Please repeat the records beneath this task exactly as they appear, but skip the images.

:: Supplied data

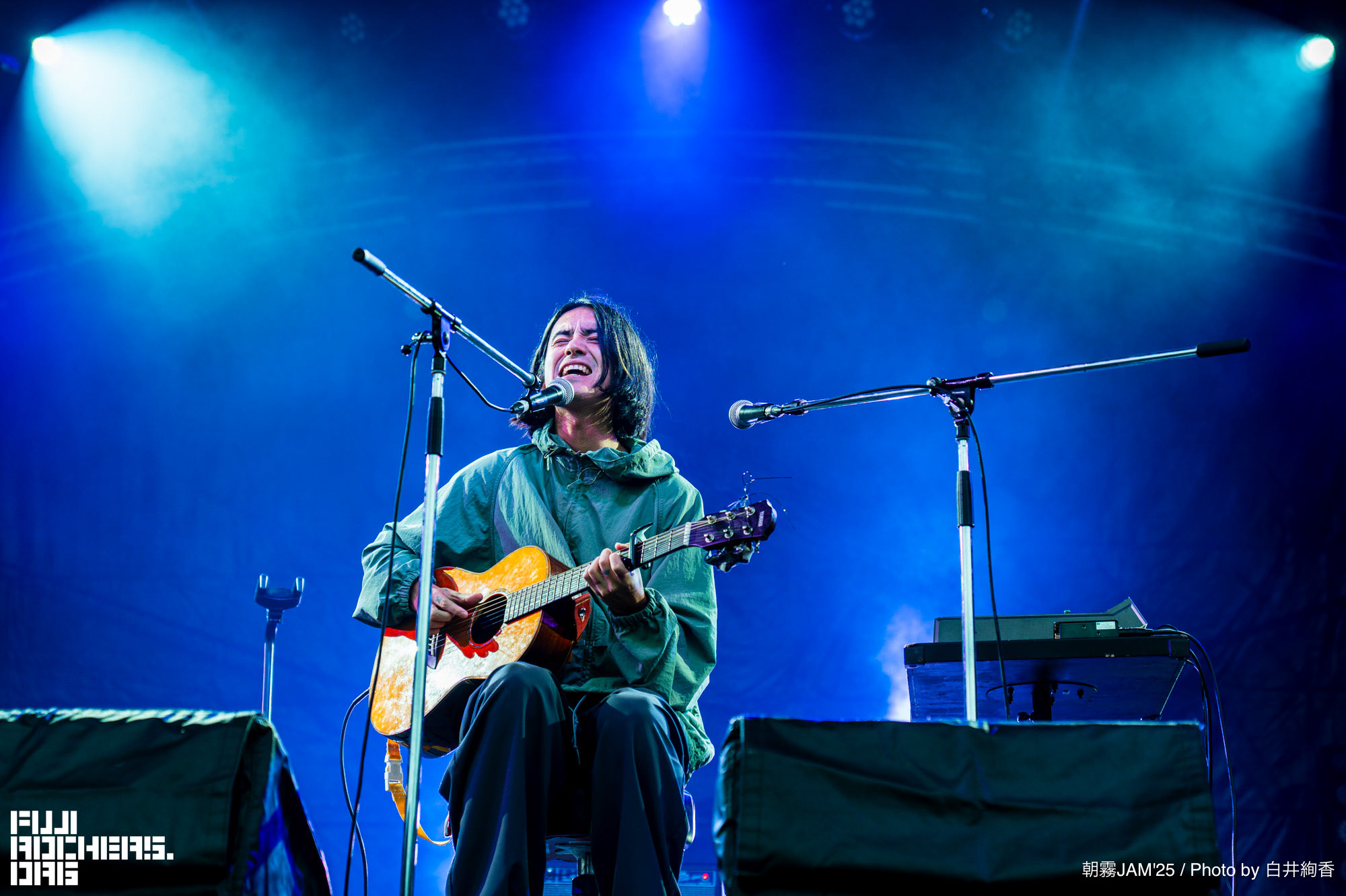 続いて登場したアクトはBIALYSTOCKS。甫木元空はネクタイに腕をまくったシャツというサラリーマンのような地味な出立ちだが、ロングトーンの突き抜けた歌声は最高に爽やかで心地よい。菊池剛による鍵盤の軽快な調べも朝霧の朝をゴキゲンに彩ってくれる。次に控えるアニー&ザ・コールドウェルズのメンバーたちがステージ横で手を叩き踊っている。フレッシュな歌声とグルーヴィーな演奏で場を沸かしつつも“コーラ・バナナ・ミュージック”や“ただで太った人生”などの珍妙な歌詞の歌を入れ込んできて一筋縄ではいかない。このギャップがたまらんのである。「雨はいつか 歌に変わる」“Nevermore”でステージを終える頃には降り続いていた雨が完全に上がるという奇跡まで引き起こしたのだ。
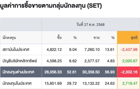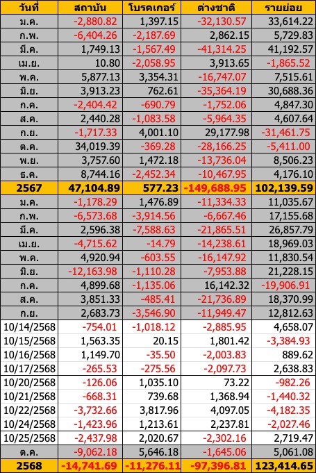 Sinthorn Summary 24/10/2568 : ต่างชาติขายสุทธิ -2,302.16 ลบ.
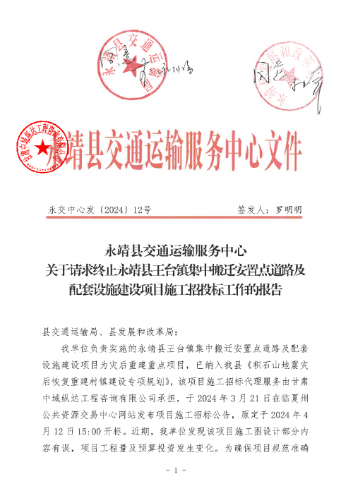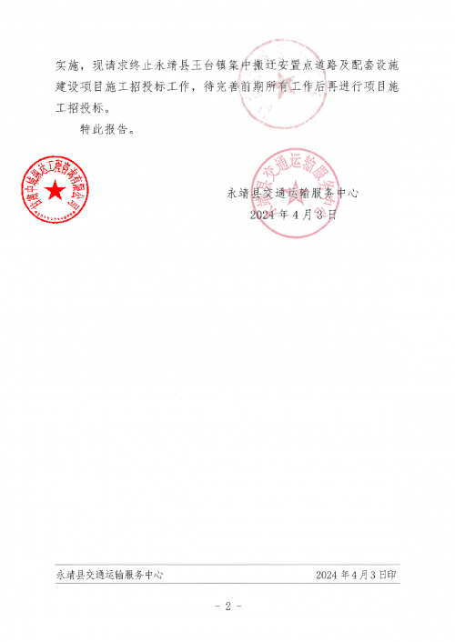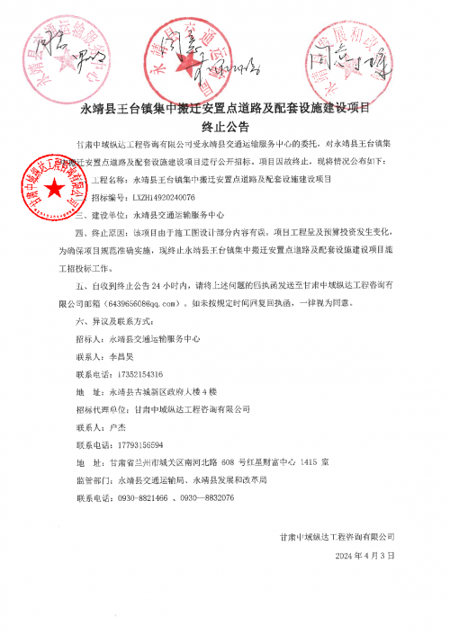 永靖县王台镇集中搬迁安置点道路及配套设施建设项目终止公告
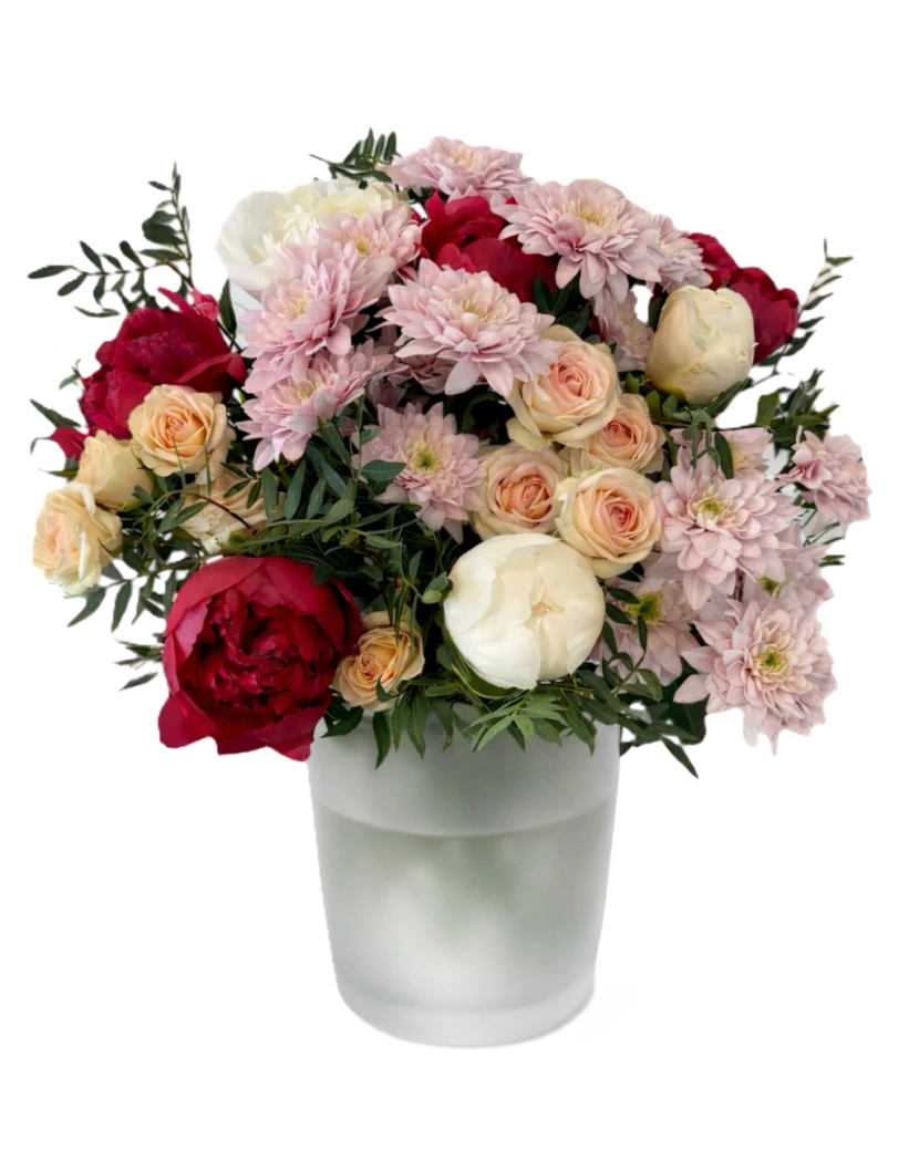 Пионы — одни из самых ароматных и красиво цветущих цветов. В последние годы их популярность значительно выросла, и флористы Frutiko.cz создали прекрасный букет, сочетая их с хризантемами и кустовыми розами.
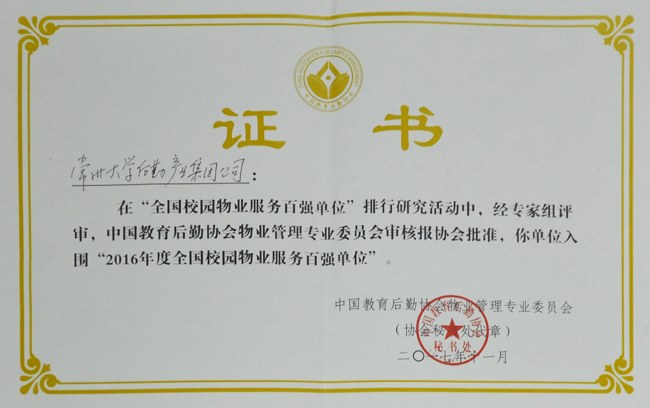 12月2日,中國教育後勤(qín)協會物業(yè)管理專業委員會(2017)年會暨第四屆(jiè)中國校園(yuán)物業管理發展論壇在廈門市舉行,經第三方專家組權威評審,中國教(jiāo)育後勤協會物業管理專業委員會審批,共選出高校後勤實體30強、社會企業50強,我校後勤產業集團公司榮獲“中國校園物業服務(wù)實體百強”第18名,常州學子物業服務公司榮獲“中國校園物業服務企(qǐ)業百強”第48名。
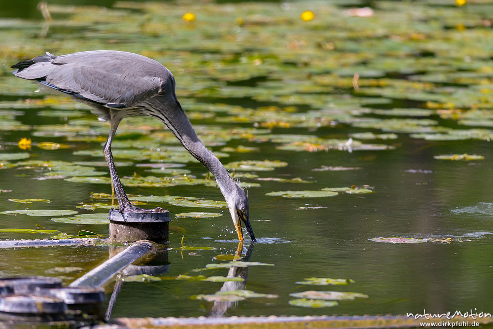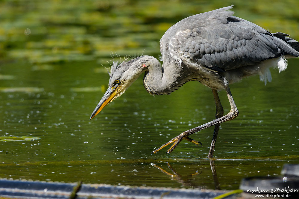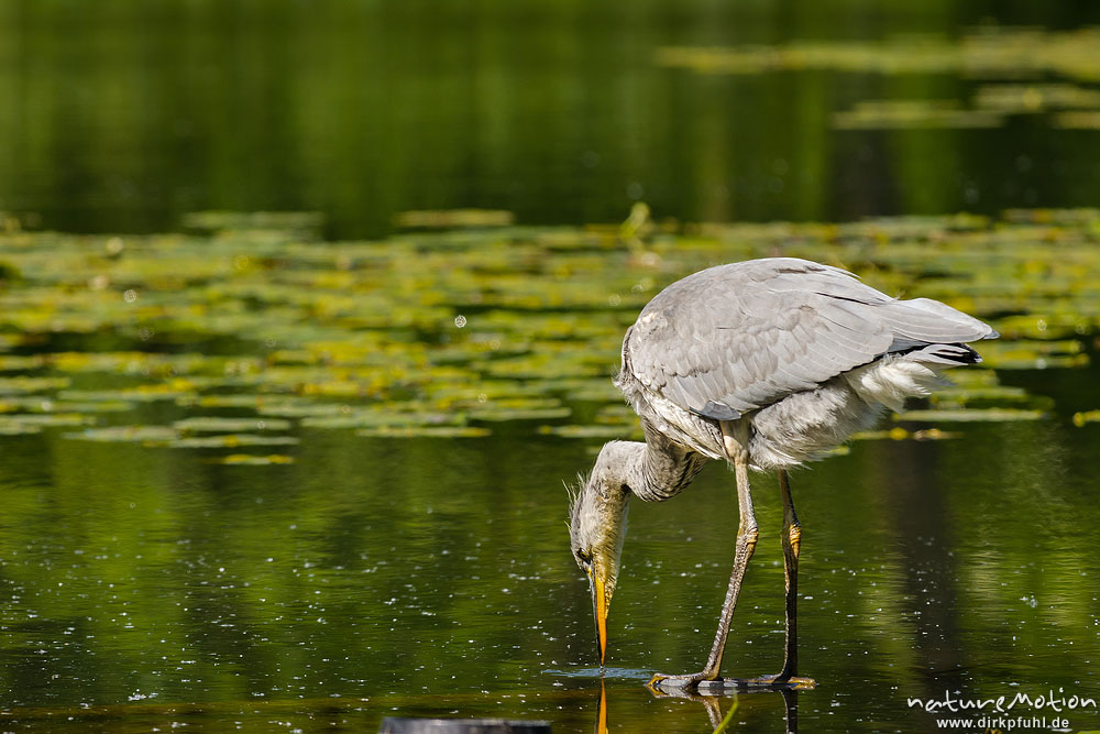 Graureiher, Ardea cinerea, Ardeidae, Jungtier auf Nahrungssu ...
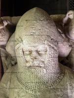 After 21st July 1403 Thomas Wendesley was buried at All Saint's Church, Bakewell, Derbyshire. Camail and Jupon Period armour. IHC NASARE Lettering. His Coat of Arms just visible. Lancastrian Esses Collar.
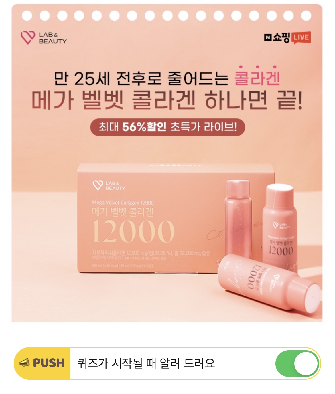 국내 최초 12,000mg의 콜라겐을 OOml 단 한 병에 담은 메가 벨벳 콜라겐은 한입에 콜라겐을 가득 채울 수 있고 감미료, 착색료, 보존료가 들어있지 않아 안심하고 섭취할 수 있습니다. 빈칸에 들어갈 숫자는 무엇일까요?
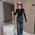 RM171223-41 طقم بناتي قطعتين ( بلوزة قطنية + بنطلون جينز) Black

::::

▶ Exercise output
 続いて登場したアクトはBIALYSTOCKS。甫木元空はネクタイに腕をまくったシャツというサラリーマンのような地味な出立ちだが、ロングトーンの突き抜けた歌声は最高に爽やかで心地よい。菊池剛による鍵盤の軽快な調べも朝霧の朝をゴキゲンに彩ってくれる。次に控えるアニー&ザ・コールドウェルズのメンバーたちがステージ横で手を叩き踊っている。フレッシュな歌声とグルーヴィーな演奏で場を沸かしつつも“コーラ・バナナ・ミュージック”や“ただで太った人生”などの珍妙な歌詞の歌を入れ込んできて一筋縄ではいかない。このギャップがたまらんのである。「雨はいつか 歌に変わる」“Nevermore”でステージを終える頃には降り続いていた雨が完全に上がるという奇跡まで引き起こしたのだ。
 Sinthorn Summary 24/10/2568 : ต่างชาติขายสุทธิ -2,302.16 ลบ.
 永靖县王台镇集中搬迁安置点道路及配套设施建设项目终止公告
 Пионы — одни из самых ароматных и красиво цветущих цветов. В последние годы их популярность значительно выросла, и флористы Frutiko.cz создали прекрасный букет, сочетая их с хризантемами и кустовыми розами.
 12月2日,中國教育後勤(qín)協會物業(yè)管理專業委員會(2017)年會暨第四屆(jiè)中國校園(yuán)物業管理發展論壇在廈門市舉行,經第三方專家組權威評審,中國教(jiāo)育後勤協會物業管理專業委員會審批,共選出高校後勤實體30強、社會企業50強,我校後勤產業集團公司榮獲“中國校園物業服務(wù)實體百強”第18名,常州學子物業服務公司榮獲“中國校園物業服務企(qǐ)業百強”第48名。
 Graureiher, Ardea cinerea, Ardeidae, Jungtier auf Nahrungssu ...
 After 21st July 1403 Thomas Wendesley was buried at All Saint's Church, Bakewell, Derbyshire. Camail and Jupon Period armour. IHC NASARE Lettering. His Coat of Arms just visible. Lancastrian Esses Collar.
 국내 최초 12,000mg의 콜라겐을 OOml 단 한 병에 담은 메가 벨벳 콜라겐은 한입에 콜라겐을 가득 채울 수 있고 감미료, 착색료, 보존료가 들어있지 않아 안심하고 섭취할 수 있습니다. 빈칸에 들어갈 숫자는 무엇일까요?
 RM171223-41 طقم بناتي قطعتين ( بلوزة قطنية + بنطلون جينز) Black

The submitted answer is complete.